Correct answer: (C) Prorogation ends a session while Adjournment ends a sitting.
Prorogation terminates a session of the Lok Sabha, while adjournment only postpones a sitting or the proceedings of the House to another time.
Explanation
The key distinction is the level at which each parliamentary action operates. The Lok Sabha FAQ says adjournment is the postponement of a sitting or proceedings from one time to another fixed time for reassembly; it can be from day to day, for more than a day, or sine die. Prorogation is different: it terminates a session of the House by an order of the President under Article 85(2)(a), usually after the House has been adjourned sine die. Dissolution goes still further by ending the life of the Lok Sabha itself. Pending business does not lapse merely on adjournment, and bills and other pending business do not lapse on prorogation, but business pending before the House or its committees lapses on dissolution.

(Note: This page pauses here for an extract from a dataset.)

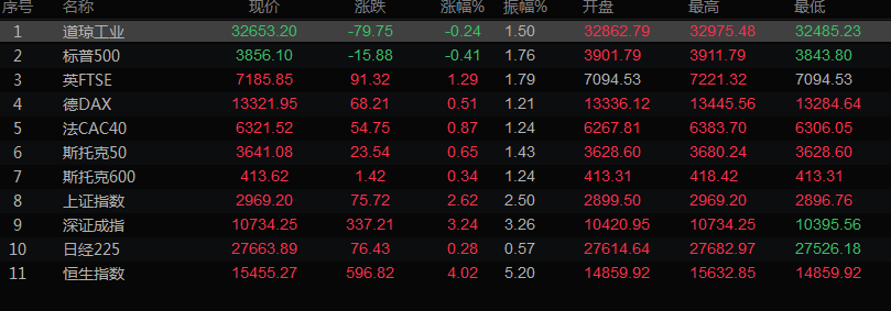 美股收盘情况:道琼斯工业指数下跌0.24%,至32653.2点;

Why the other options are wrong
- (A) Adjournment and prorogation do not have the same effect: adjournment postpones a sitting, while prorogation terminates a session.
- (B) This reverses the distinction, because adjournment concerns a sitting or proceedings and prorogation concerns the session.
- (D) Prorogation does not dissolve the House; dissolution alone ends the life of the Lok Sabha.
Concept
This tests the parliamentary procedure distinction between a sitting, a session, and the life of the Lok Sabha. RAS repeatedly asks it because small procedural terms decide larger questions about pending business and legislative continuity.